The purposive approach Essay

Custom Student Mr. Teacher ENG 1001-04 7 August 2016

The purposive approach

There are many advantages to the purposive approach. Firstly, it gives effect to Parliaments intentions and avoids injustice, so the judges can avoid obvious absurdities and injustives so enables them to comply with Parliamentary sovreignity by doing what Parliament would have wanted; even though it’s ignoring the clear meaning of the words Parliament used. For example, in Coltman V Bibby Tankers when they had to interpret the word ‘equipment’. Secondly, it give flexibility and can fill in the gaps, so looks to the spirit of the law rather than to the letter, therefore leaning towards a potentially just approach. However words can be ommitted/added if the court were certain of the act, if it was draftsmen/parliaments mistake that the act was written wrong, or that the judges were sure of the substance of the provision Parliament would have made. For example in Inco Europe Ltd. v First Choice Distribution 2000 H of L.

Thirdly, it allows for new technology/developments, and also allows the judges to keep the legislation in line with modern thinking and new technological developments, for example in R (Quintaville) v Sec of State for Health 2002. The purposive approach also allows our judges to comply with the Human Rights Act 1998. Under s3 of this Act, judges must try to reach an interpretation that doesn’t breach human rights.
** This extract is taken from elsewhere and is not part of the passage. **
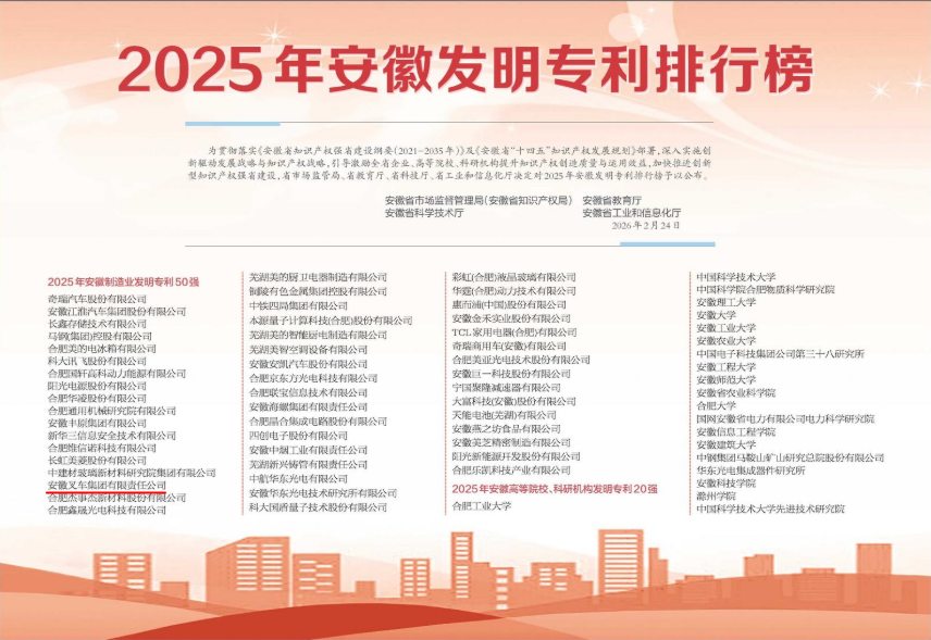 近日,安徽省市場(chǎng)監(jiān)督管理局(安徽省知識(shí)產(chǎn)權(quán)局)、安徽省教育廳、安徽省科學(xué)技術(shù)廳、安徽省工業(yè)和信息化廳聯(lián)合發(fā)布“2025年安徽發(fā)明專利排行榜”,安徽叉車集團(tuán)憑借卓越的創(chuàng)新能力與知識(shí)產(chǎn)權(quán)優(yōu)勢(shì),成功入選安徽省制造業(yè)發(fā)明專利50強(qiáng)。 作為工業(yè)車輛行業(yè)的...
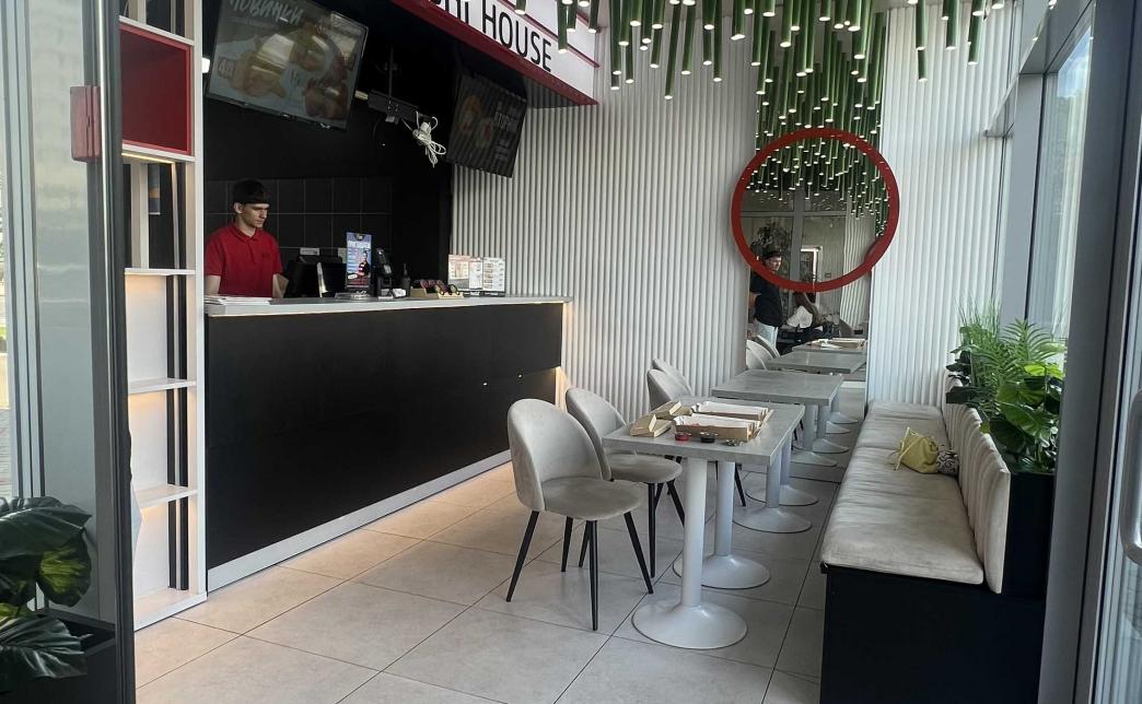 - Небольшое количество посадочных мест, лаконичный интерьер, заведение работает круглосуточно.

A literal interpretation might reach a result that breached human rights. Instead, provided a different interpretation doesn’t go against the whole purpose of the legislation, the judges can interpret the Act more creativley (Ghaidan v Godin-Mendoza).

The last advantage is that the purposive approach is consistent with the European approach. So it allows the judges to fulfil our obligations under EU Law. (Bulmer v Bolinger)

There are also many disadvantages to the purposive approach. Firstly, it involves too much judicial law making as it allows them too much freedom as seen in Royal College of Nursing v DHSS 1981, the judges weren’t interpreting the Act but ‘redrafting it with a vengeance’. Secondly. it creates uncertainty as it is subjective law making and is difficult to anticipate when judges will decided to use the purposive approach (Bentham). It isn’t possible to know for sure what result using the purposive approach might lead to (Yemshaw).

Finally, it is difficult to discover Parliaments intentions. It relies of looking for Parliaments purpose, yet this may not even exist.